• What is needed: Among the records below, find the line with "为普及消防安全宣传工作,提高" and the line with "-Gourmet gas kitchen". Set down both and every line between, exactly and with no pictures, but nothing else.

• Records supplied:
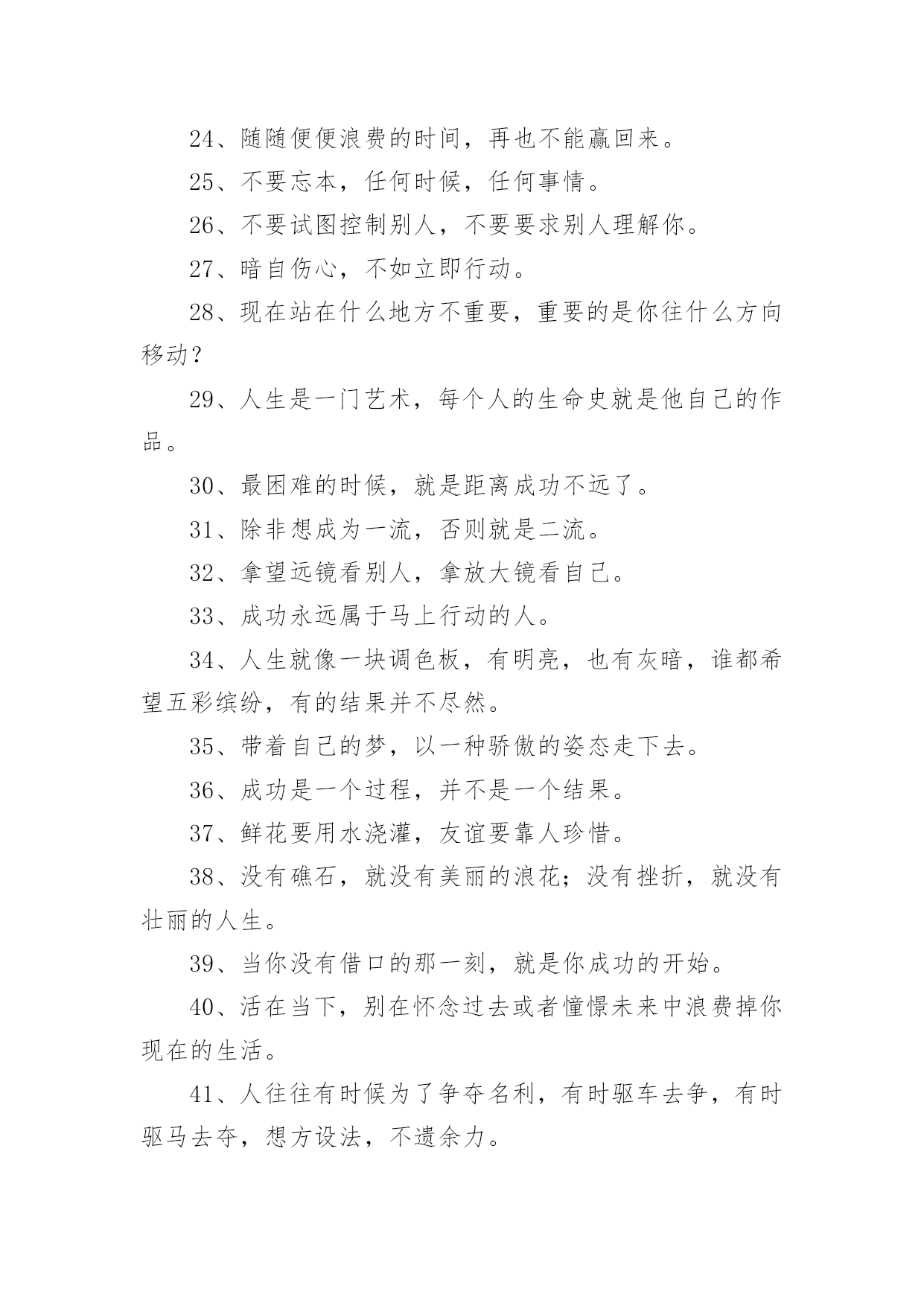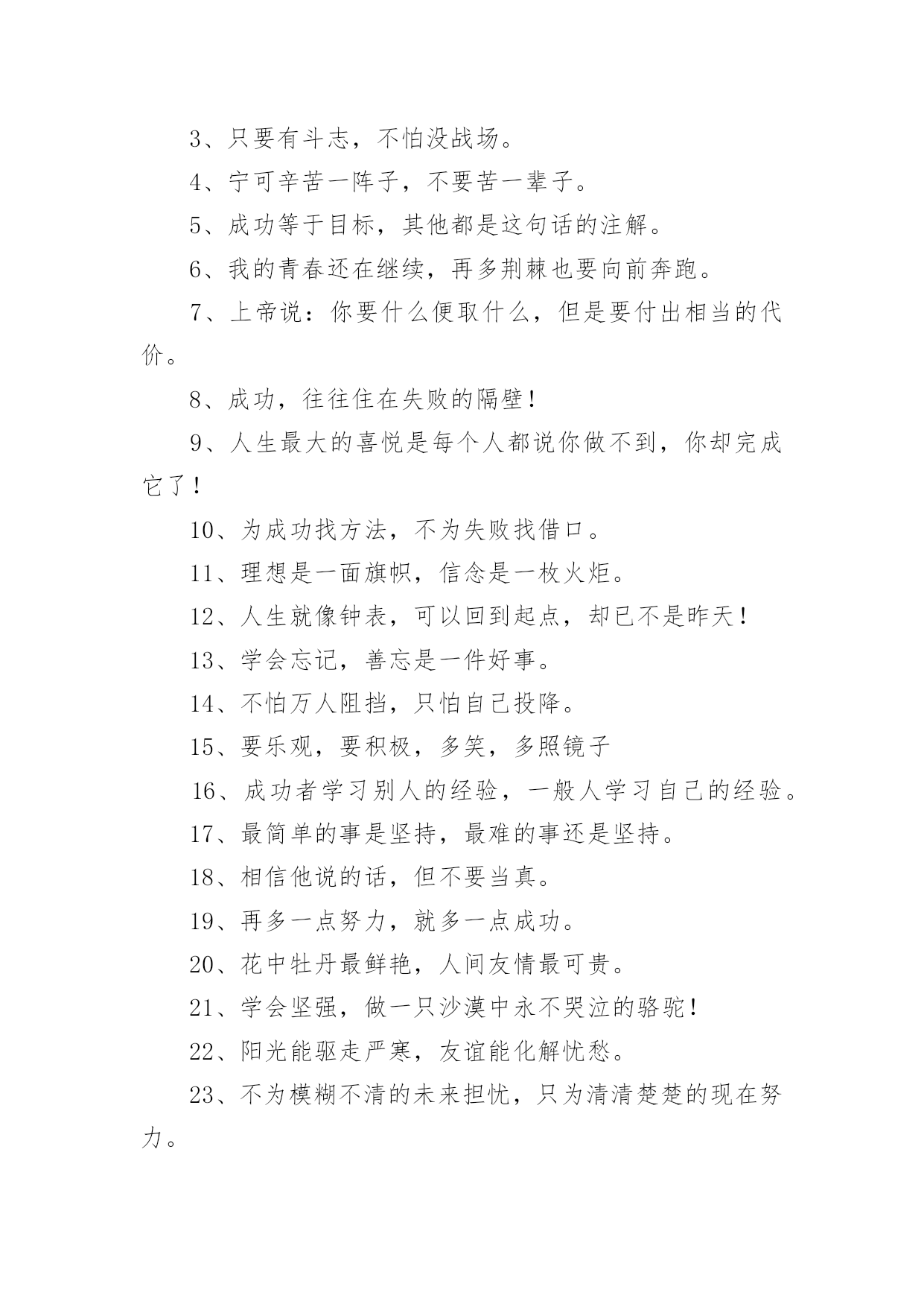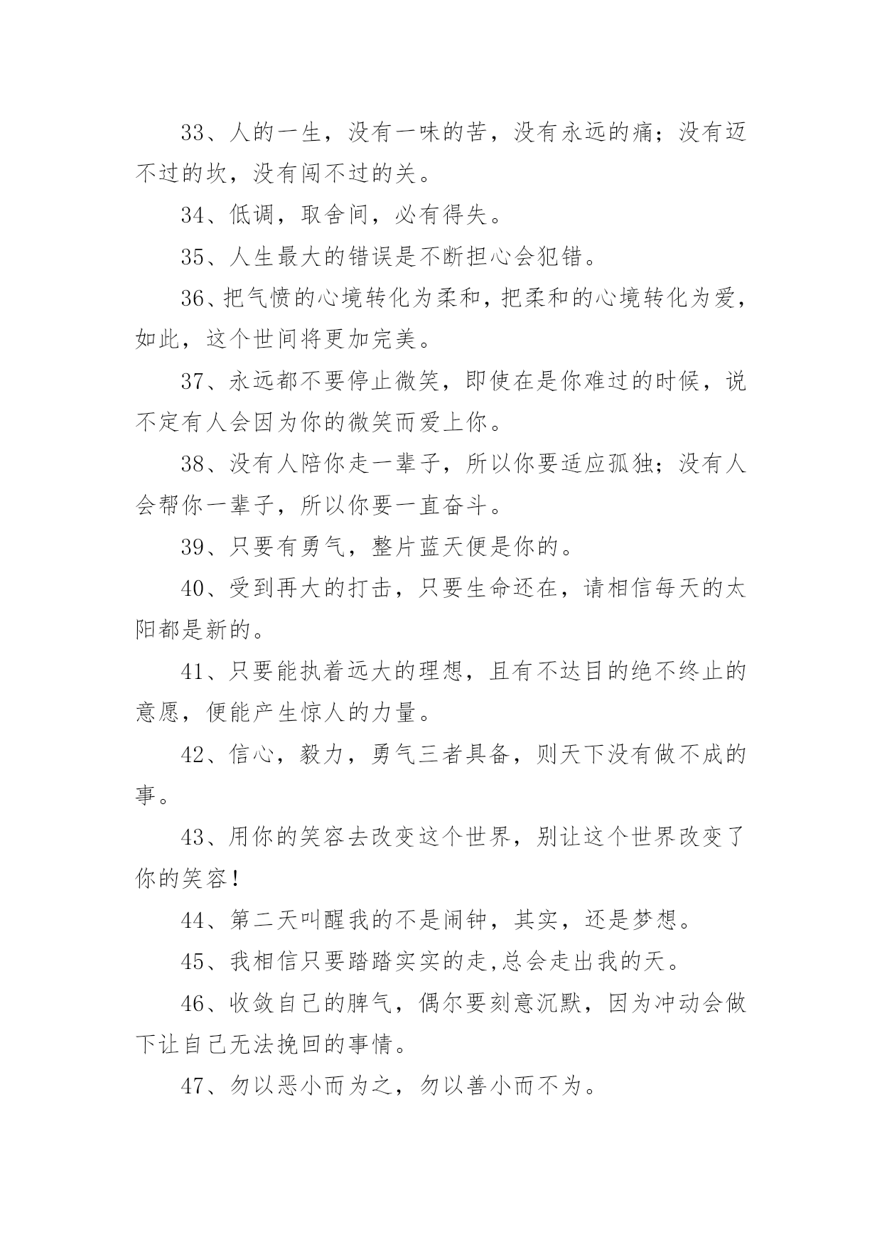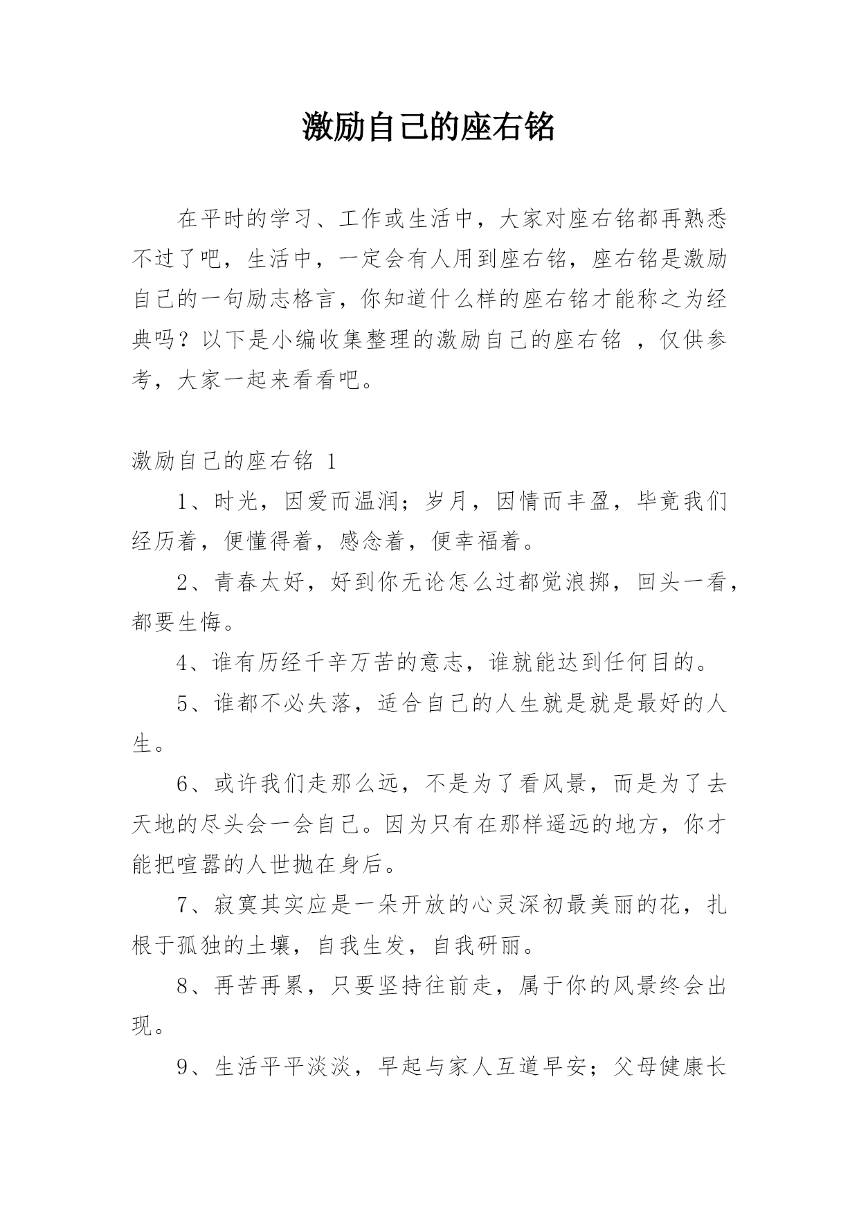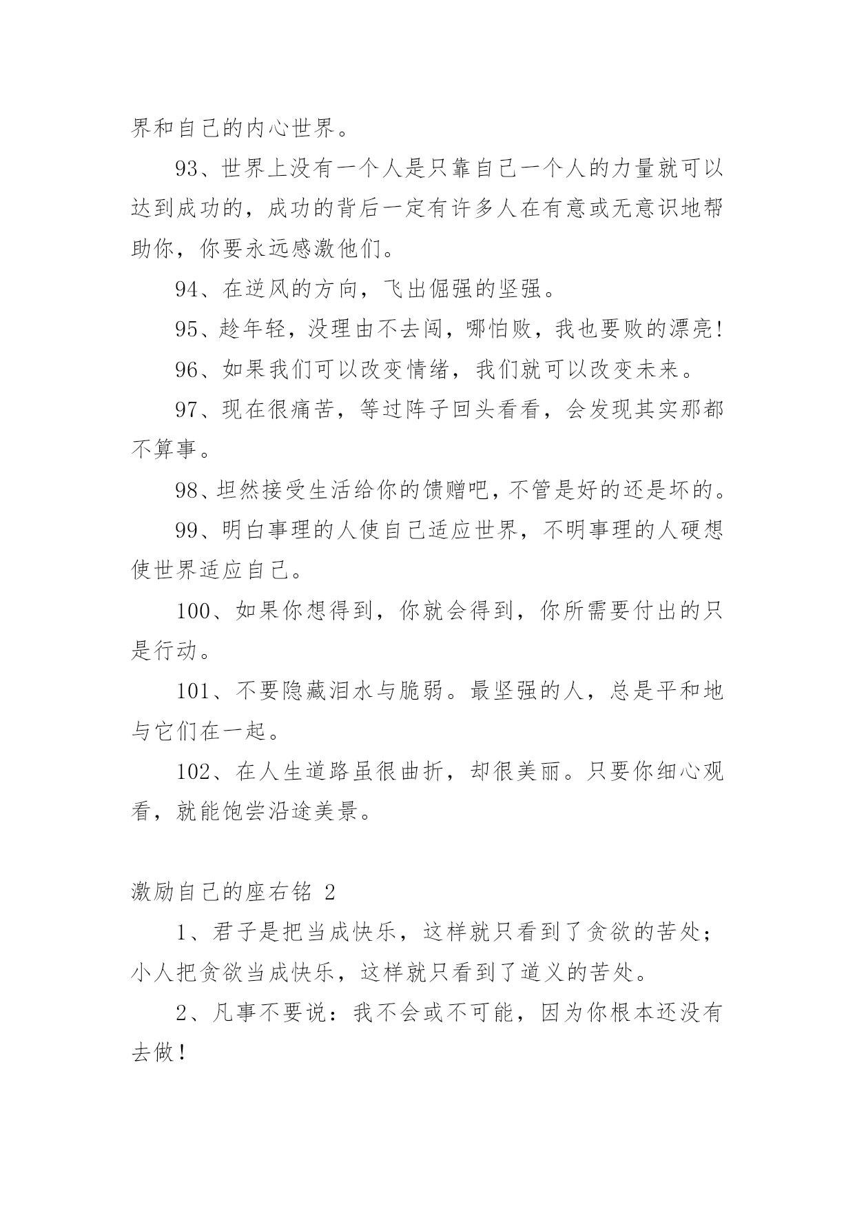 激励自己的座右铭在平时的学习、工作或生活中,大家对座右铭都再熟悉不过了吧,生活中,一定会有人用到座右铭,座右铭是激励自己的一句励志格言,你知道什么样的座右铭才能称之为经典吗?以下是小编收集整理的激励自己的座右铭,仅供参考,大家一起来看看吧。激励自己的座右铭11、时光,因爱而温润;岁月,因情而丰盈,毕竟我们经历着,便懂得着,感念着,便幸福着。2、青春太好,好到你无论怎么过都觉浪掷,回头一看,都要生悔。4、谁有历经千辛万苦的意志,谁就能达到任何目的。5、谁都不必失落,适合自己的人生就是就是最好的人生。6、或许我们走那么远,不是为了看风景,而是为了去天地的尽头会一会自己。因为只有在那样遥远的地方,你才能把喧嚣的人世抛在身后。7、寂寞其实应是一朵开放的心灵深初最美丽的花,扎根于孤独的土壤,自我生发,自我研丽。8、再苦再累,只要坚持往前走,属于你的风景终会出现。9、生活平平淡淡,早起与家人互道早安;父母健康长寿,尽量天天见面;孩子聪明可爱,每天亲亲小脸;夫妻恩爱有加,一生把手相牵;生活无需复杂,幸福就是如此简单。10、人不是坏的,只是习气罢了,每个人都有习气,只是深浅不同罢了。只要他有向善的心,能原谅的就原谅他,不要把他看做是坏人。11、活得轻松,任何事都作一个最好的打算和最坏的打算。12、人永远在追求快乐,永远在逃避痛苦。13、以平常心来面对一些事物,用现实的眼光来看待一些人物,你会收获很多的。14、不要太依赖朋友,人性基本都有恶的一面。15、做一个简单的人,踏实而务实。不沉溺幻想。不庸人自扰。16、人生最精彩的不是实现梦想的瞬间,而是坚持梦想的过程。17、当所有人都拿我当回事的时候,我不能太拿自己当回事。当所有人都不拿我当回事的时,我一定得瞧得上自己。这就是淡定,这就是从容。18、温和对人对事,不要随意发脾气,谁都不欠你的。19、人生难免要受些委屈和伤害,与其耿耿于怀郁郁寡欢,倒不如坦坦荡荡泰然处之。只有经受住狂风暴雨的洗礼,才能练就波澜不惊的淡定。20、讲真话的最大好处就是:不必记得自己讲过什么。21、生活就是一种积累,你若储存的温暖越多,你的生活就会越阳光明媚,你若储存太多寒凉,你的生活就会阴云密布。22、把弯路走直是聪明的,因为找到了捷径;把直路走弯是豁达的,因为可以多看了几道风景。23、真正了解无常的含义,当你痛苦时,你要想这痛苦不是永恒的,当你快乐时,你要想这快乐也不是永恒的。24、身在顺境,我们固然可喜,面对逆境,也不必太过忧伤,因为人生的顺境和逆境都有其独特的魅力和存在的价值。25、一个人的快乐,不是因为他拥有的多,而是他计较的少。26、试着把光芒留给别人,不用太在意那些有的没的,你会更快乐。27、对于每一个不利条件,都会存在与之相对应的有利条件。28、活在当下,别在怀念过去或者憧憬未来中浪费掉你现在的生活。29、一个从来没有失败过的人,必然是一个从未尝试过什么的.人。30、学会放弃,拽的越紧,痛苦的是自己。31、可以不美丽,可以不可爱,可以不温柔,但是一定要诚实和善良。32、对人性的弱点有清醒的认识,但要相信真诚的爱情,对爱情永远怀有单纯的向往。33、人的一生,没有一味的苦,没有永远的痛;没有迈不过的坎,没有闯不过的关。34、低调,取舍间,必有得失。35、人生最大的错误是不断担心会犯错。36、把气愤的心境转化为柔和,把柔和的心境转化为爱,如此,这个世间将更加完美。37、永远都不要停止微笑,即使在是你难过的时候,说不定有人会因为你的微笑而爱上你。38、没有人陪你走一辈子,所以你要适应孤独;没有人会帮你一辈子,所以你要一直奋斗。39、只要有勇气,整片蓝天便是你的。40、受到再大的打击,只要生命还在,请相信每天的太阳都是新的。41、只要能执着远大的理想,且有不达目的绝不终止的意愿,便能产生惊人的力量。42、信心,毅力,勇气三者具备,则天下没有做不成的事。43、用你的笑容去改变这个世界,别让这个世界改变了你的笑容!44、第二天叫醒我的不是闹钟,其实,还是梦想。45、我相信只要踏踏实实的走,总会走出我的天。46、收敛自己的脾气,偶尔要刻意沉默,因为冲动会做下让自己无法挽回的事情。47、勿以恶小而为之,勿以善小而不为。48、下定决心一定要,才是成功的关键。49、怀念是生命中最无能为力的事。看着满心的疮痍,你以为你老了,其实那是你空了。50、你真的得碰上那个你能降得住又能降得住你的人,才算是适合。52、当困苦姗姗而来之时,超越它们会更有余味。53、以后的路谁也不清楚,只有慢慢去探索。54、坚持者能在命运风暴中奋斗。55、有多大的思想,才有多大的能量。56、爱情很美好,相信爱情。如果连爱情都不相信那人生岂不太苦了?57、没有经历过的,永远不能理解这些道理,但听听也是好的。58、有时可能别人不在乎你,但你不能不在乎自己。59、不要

* * *

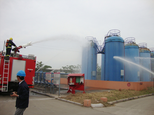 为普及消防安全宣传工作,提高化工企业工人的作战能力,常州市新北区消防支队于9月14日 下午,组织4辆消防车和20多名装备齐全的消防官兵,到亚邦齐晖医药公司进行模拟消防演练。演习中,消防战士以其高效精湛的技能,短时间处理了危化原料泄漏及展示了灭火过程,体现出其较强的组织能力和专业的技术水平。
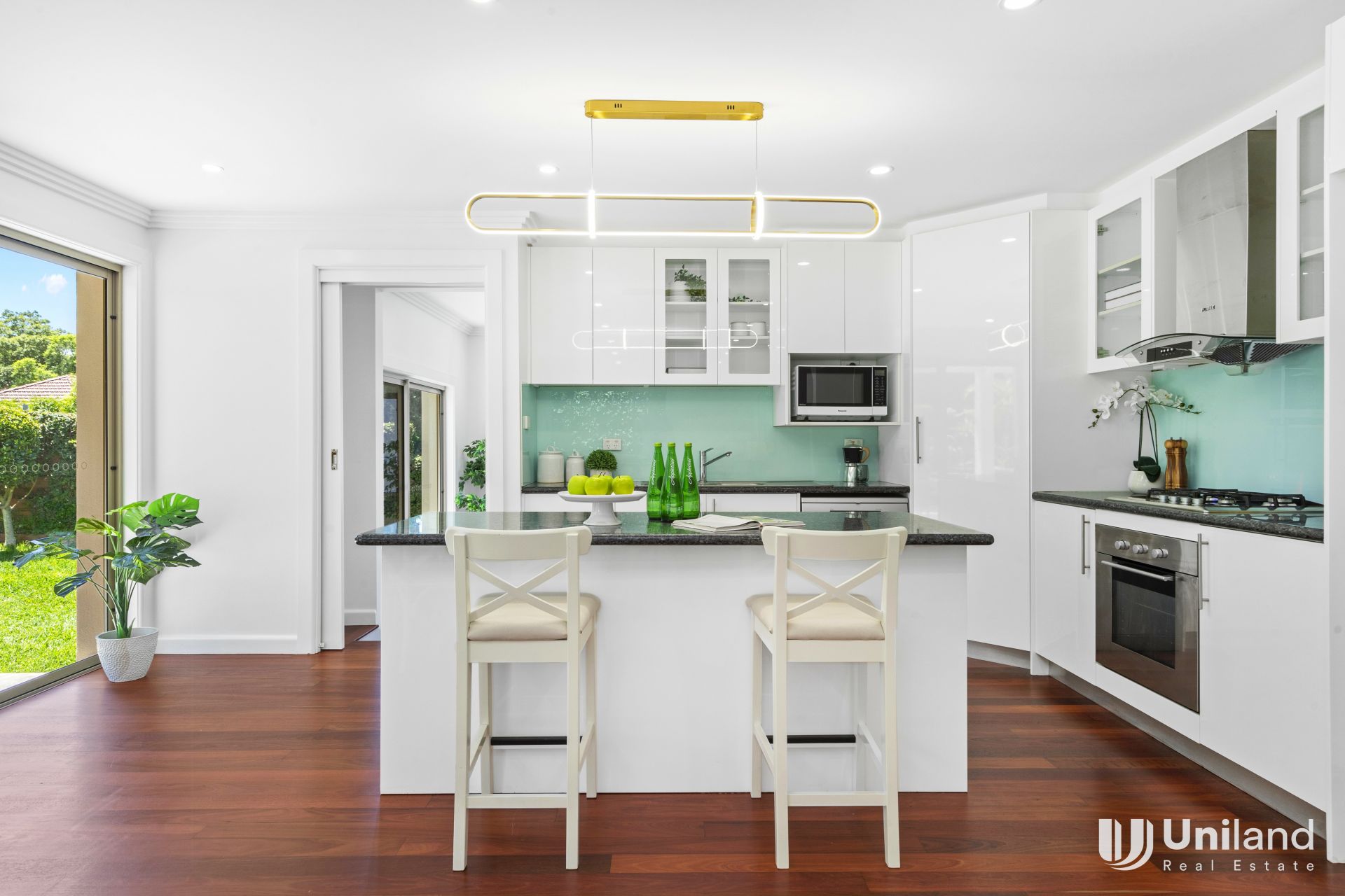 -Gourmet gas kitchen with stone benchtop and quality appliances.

...

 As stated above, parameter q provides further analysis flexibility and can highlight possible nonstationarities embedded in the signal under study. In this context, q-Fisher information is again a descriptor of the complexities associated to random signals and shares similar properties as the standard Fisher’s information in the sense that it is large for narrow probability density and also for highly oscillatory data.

• Output for this task:
 为普及消防安全宣传工作,提高化工企业工人的作战能力,常州市新北区消防支队于9月14日 下午,组织4辆消防车和20多名装备齐全的消防官兵,到亚邦齐晖医药公司进行模拟消防演练。演习中,消防战士以其高效精湛的技能,短时间处理了危化原料泄漏及展示了灭火过程,体现出其较强的组织能力和专业的技术水平。
 -Gourmet gas kitchen with stone benchtop and quality appliances.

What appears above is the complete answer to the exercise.